Glutenin, the first protein in the gluten-matrix, is digested by these enzymes easily because it is a long protein with a great amount of surface area for the enzymes to attach and degrade (5). However, Gliadin, the other protein, is a densely packed protein with a low surface area to volume ratio (6, 7), making it difficult for enzymes to encounter. In addition, gliadin protein has a large amount of amino acids that are especially difficult to digest. These difficult to digest amino acids are proline and glutamine (8).
As such, naturally occurring protein digesting enzymes have difficulty degrading gliadin (9). Due to the difficulty protein-digesting enzymes have with gliadin, gluten is digested into long amino acid chains, called oligopeptides, rather than the di- or tri-amino acids that otherwise occur with normal protein digestion.

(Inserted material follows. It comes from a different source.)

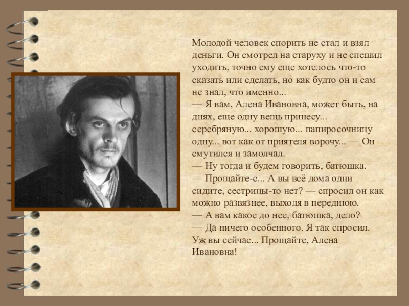 Слайд 21Молодой человек спорить не стал и взял деньги. Он смотрел на
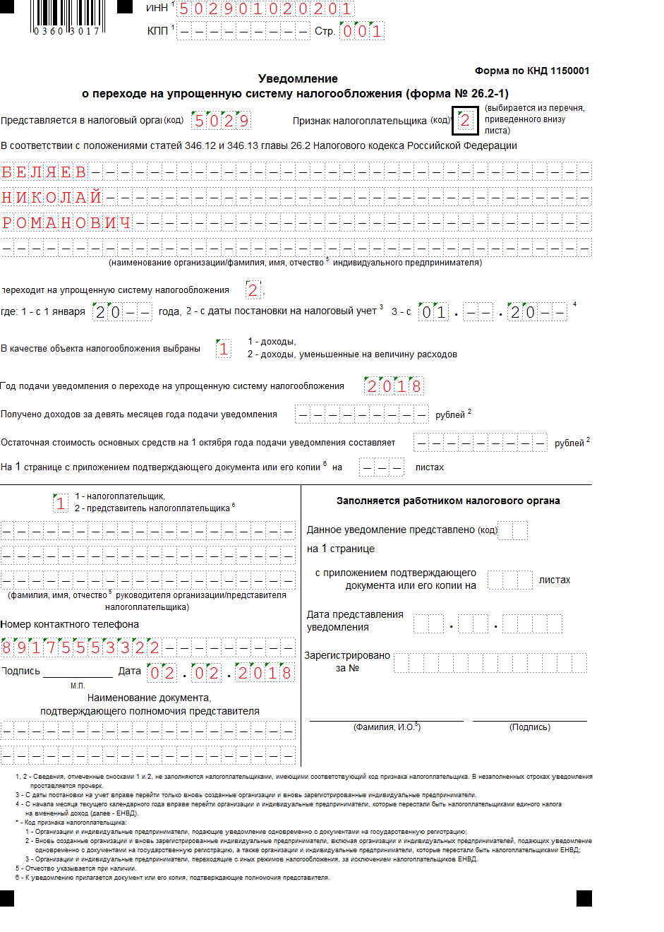 Оставшуюся часть бланка заполняет работник налогового органа. Форма № 26- 2.1 составляется в двух экземплярах. Один возвращают налогоплательщику с подписью и печатью ИФНС. Это подтверждение того, что вы сообщили в налоговый орган о своем намерении перейти на упрощенку со следующего года.

As observed through antibody assays, an inflammatory response is created during gluten digestion because of these oligopeptides (10). The body mounts an attack on gliadin, degraded gliadin, and the enzyme that helps in gliadin digestion, transglutaminase (11), as observed through diagnostic antibody assays (12) . This inflammatory response is not localized to the small intestine, but, rather, it is a systemic inflammation response, as identified by human sera antibody levels (13).
Therefore, gluten results in pain to a gluten-intolerant individual because of the systemic inflammation resulting from the difficulty that protein digesting enzymes have with the gliadin, and other members of the prolamin family of grain proteins.